Director: Joachim Ronning, Espen Sandberg
Running Time: 129 mins
Release Date: May 25th 2017 (UK)
To be honest I enjoy sequels and franchises as long as they keep up the standard and improve upon previous entries, which sadly often isn’t the case. I have reviewed countless sequels over the years and with this review I don’t want to regurgitate what I have previously written about franchises, and I will try to keep this to a minimum with this review as I don’t want to go over old ground; but rather tread new waters (pun fully intended).
Pirates of the Caribbean: The Curse of the Black Pearl was a pleasant surprise to a lot of people when it came out in 2003. Many asked how could a film based on an old amusement park ride have such an effect on audiences around the world, and the answer is because it was fun. Cutthroat Island (1995) was a well-documented bomb at the box office and it was a risky move for Disney to release the first Pirates film, but it paid off both financially and critically.
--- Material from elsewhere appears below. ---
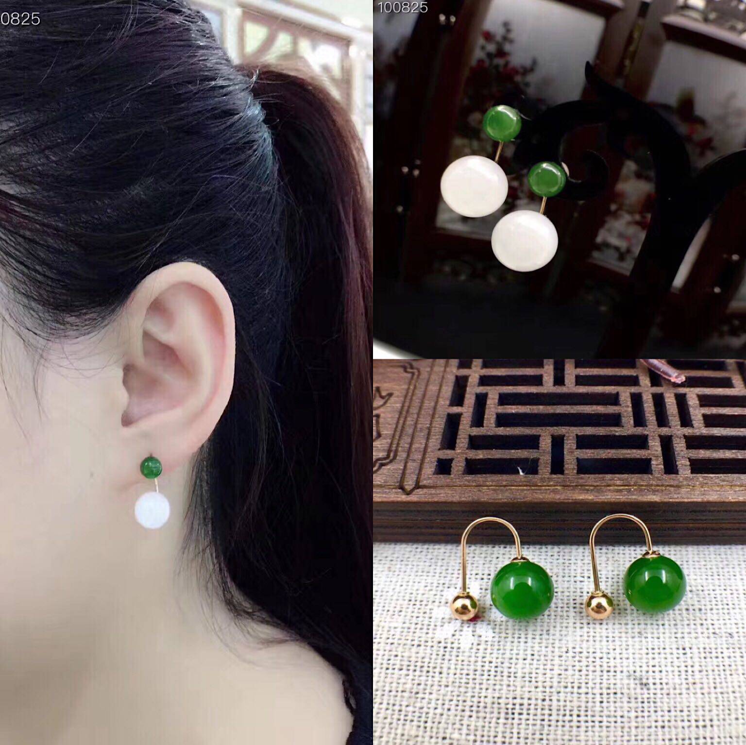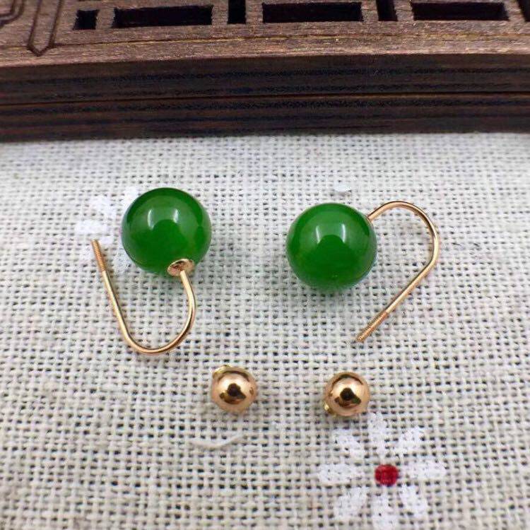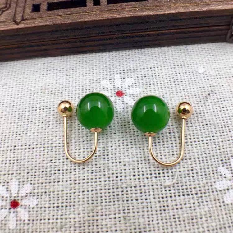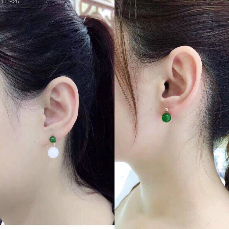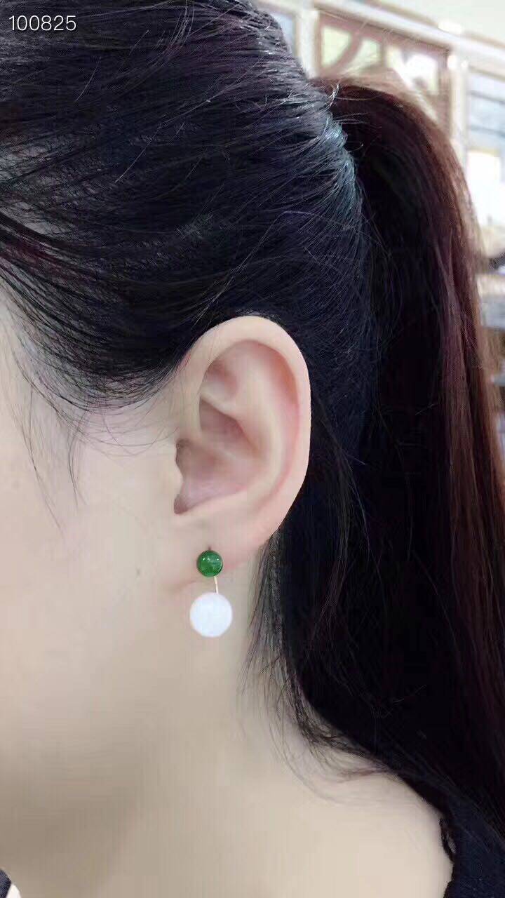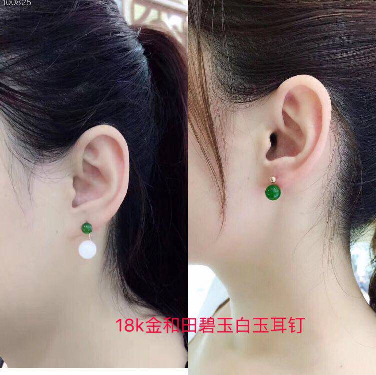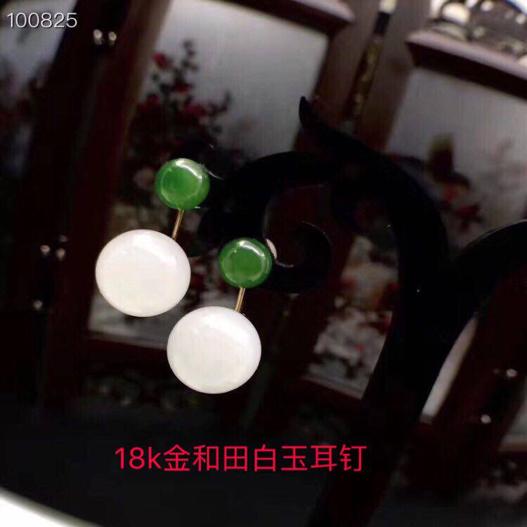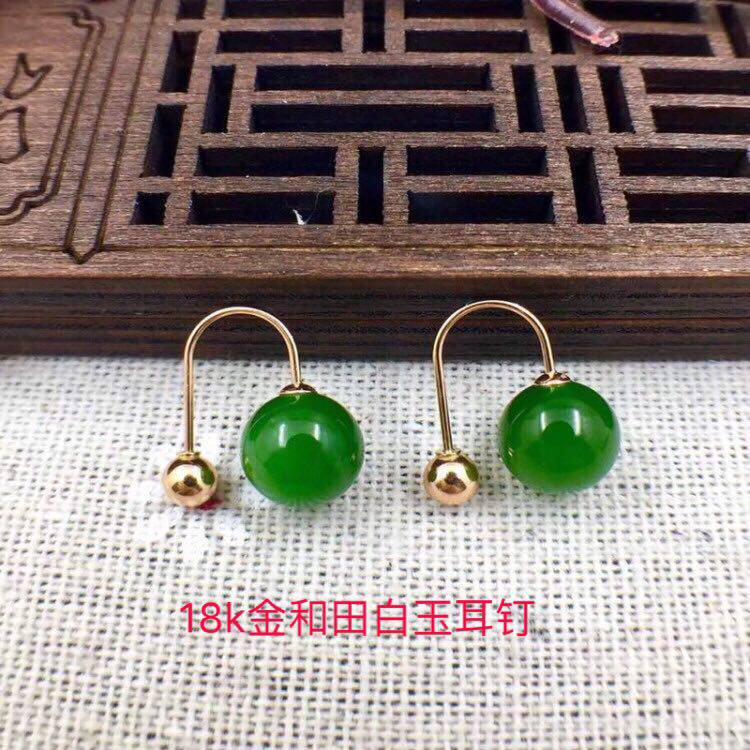 Яшма из округа Хотан из белого нефрита, изумрудные серьги из нефрита, золото 750 пробы

Unsurprisingly a two part sequel ala The Matrix Reloaded / Revolutions (2003) was greenlit and released in 2006 and 2007 and in my opinion these were overly long and boring, but had some great set pieces and new characters, such as Bill Nighy’s villainous Davy Jones being a worthy replacement to Geoffrey Rush’s scene stealing Captain Barbossa. A fourth film came out in 2011 and I honestly can’t remember much of it as it lacked the magic, adventure and overall fun of its predecessors, and to be honest I had low expectations for this entry.
That being said I thought Salazar’s Revenge managed to recapture the tomfoolery of the first film perfectly, didn’t drag despite its long run time and is the best entry since the original.
The basic plot of this film has Captain Jack Sparrow (Johnny Depp) on a quest to find the fabled trident of Poseidon in order to stop his old foe, Captain Armando Salazar (Javier Bardem) and his ghostly crew from destroying every pirate at sea.
In a way it channels the spirit of the first film which is by no means a bad thing. Overall it doesn’t really add too much to the tried and tested formula, but it gets the balance of humour, fun and playful set pieces and macabre villainy that we all know and love just right. Johnny Depp is known for many roles throughout his career but none more iconic that Jack Sparrow, who gets a great yet predictable introduction in this film. That being said the film isn’t focused entirely on him and the rest of the characters get their fair share of screen time.
Jack is joined by his usual shipmates and we have a welcome return from Captain Barbossa. New additions are Henry Turner (Brenton Thwaites), son of Will Turner and Elisabeth Swan, who is searching for Jack in order to lift the curse upon his father, and Carina Smyth (Kaya Scodelario) who for me is a great addition to this film as the (seemingly token these days) smart and strong female character.
Javier Bardem is great as the tortured and vengeful Captain Salazar and you can tell (as per most of the cast) that they had fun making this film. It has been well publicised that Paul McCartney has a cameo in this film, but in truth I wish they would have included Michael Bolton, as his song ‘Jack Sparrow’ with The Lonely Island is one of the best things you can find on the internet.
As per most films it does have its flaws and plot holes. Without spoiling too much the search for Carina Smyth’s father seems shoe horned in, and the origin of the curse on Salazar’s ghostly crew isn’t fully explained, nor is how they were released from the Devil’s Triangle, but I can live with that. It manages to tie up the main plot and unsurprisingly leaves things open for future instalments, and as per its predecessors it features a tantalizing after credits scene which you should stay behind for.
With Salazar’s Revenge (or Dead Men Tell No Tales as it’s known in other territories, not sure why they changed this to be honest) Disney have managed to recapture what made the first entry a success and despite my initial low expectations, I really enjoyed this adventure. They have stuck to the standard formula of the series but trimmed the often pointless side plots, and in a way mostly ignored the events of parts two, three and four so new audiences won’t have any issues watching this film if they are new to the franchise, which I think is a smart move.
The screenplay is by Jeff Nathanson, who has written the likes of Rush Hour 2 and 3 (2001, 2007), Indiana Jones and the Kingdom of the Crystal Skull (2008), as well as the upcoming Lion King remake, and as such has experience in expanding existing franchises. This is apparent with this film but it’s not necessarily a bad thing for this film to be predictable or cover similar ground as audiences know what to expect, know what they like, and are happy to see the continuing adventures of Captain Jack Sparrow.
Overall Verdict: The fun and magic has returned to this franchise and this is the best entry since The Curse of the Black Pearl. We have all the regulars you know and love mixed with a new macabre villain, with plenty of laughs and great set pieces this great example of how to do a summer blockbuster.